<<<<

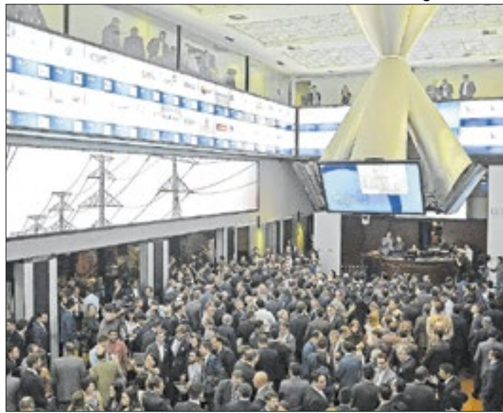
Cautela com o PLDO de 2026 e com PIB chinês selou queda

A agenda escassa durante o pregão e a falta de sinalizações mais claras sobre o andamento da guerra comercial fez o Ibovespa oscilar entre leves altas e baixas por todo o pregão desta terça-feira (15).
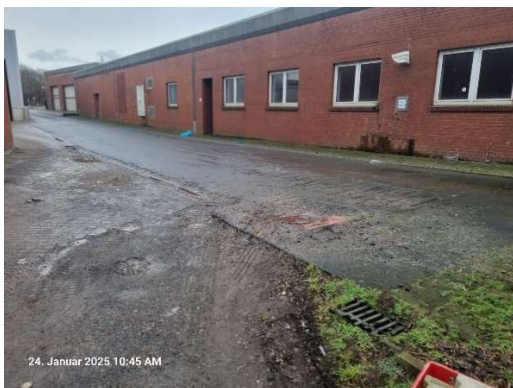
Auch neben der Halle Federn, Blut und Fleischreste direkt neben dem RW-Abfluss
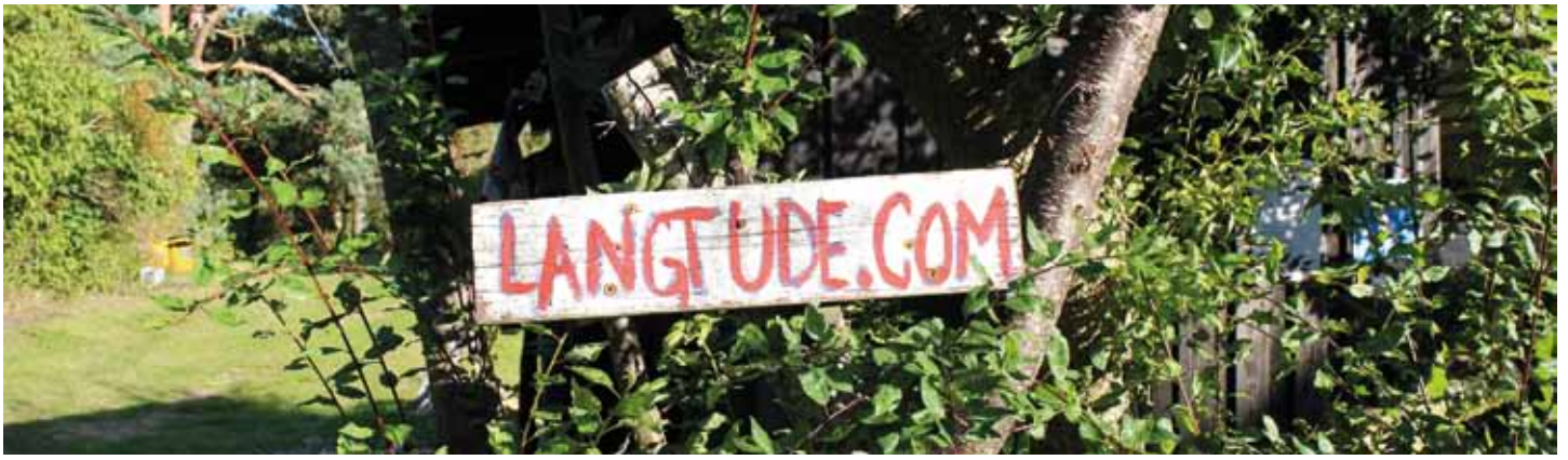
Festivalen på Anholt er 'langt ude'...
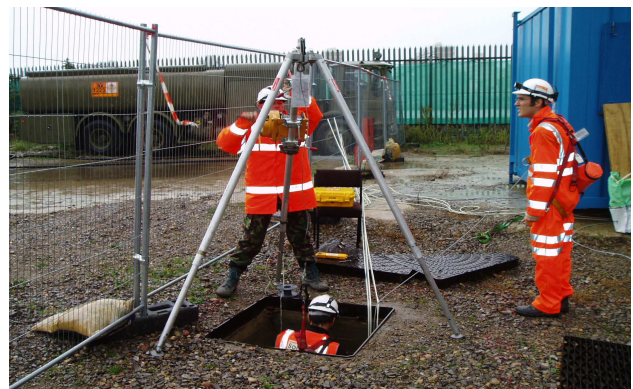
Arriba: El equipo de instalación en espacio cerrado descendiendo en el túnel con un trípode y un arnés anticaída. Abajo: vista del interior del túnel con las filas de geófonos.

La auscultación de superficie consistió en la instalación de captadores de vibraciones al nivel del suelo colocados a lo largo de las filas de tubos, en la auscultación sonora durante los periodos de funcionamiento y en lecturas manuales de los marcadores en el suelo en X, Y y Z.
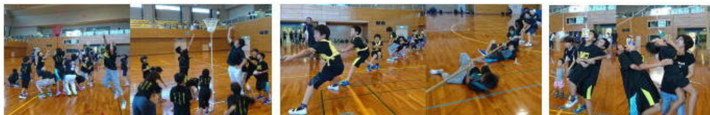
玉入れ（赤） 玉入れ（白） 綱引き 綱引き 親子リレー

4. スポーツ少年団親子交流会 9/10（日） 多治見市総合体育館第1競技場 スポ少の運動会が同じ、体育館で行われたので、野球チーム3チームと、空手の拳和会の4チームの闘いなので、毎年走る方は野球には勝てませんが、今年は高学年リレーでは3位になりました。

>>>>

From the records above, copy only the lines running from the line containing "Auch neben der" to the line containing "Arriba: El equipo", both ends included. Leave the pictures out.

**SOLUTION FOR THIS PROBLEM**:
Auch neben der Halle Federn, Blut und Fleischreste direkt neben dem RW-Abfluss
Festivalen på Anholt er 'langt ude'...
Arriba: El equipo de instalación en espacio cerrado descendiendo en el túnel con un trípode y un arnés anticaída. Abajo: vista del interior del túnel con las filas de geófonos.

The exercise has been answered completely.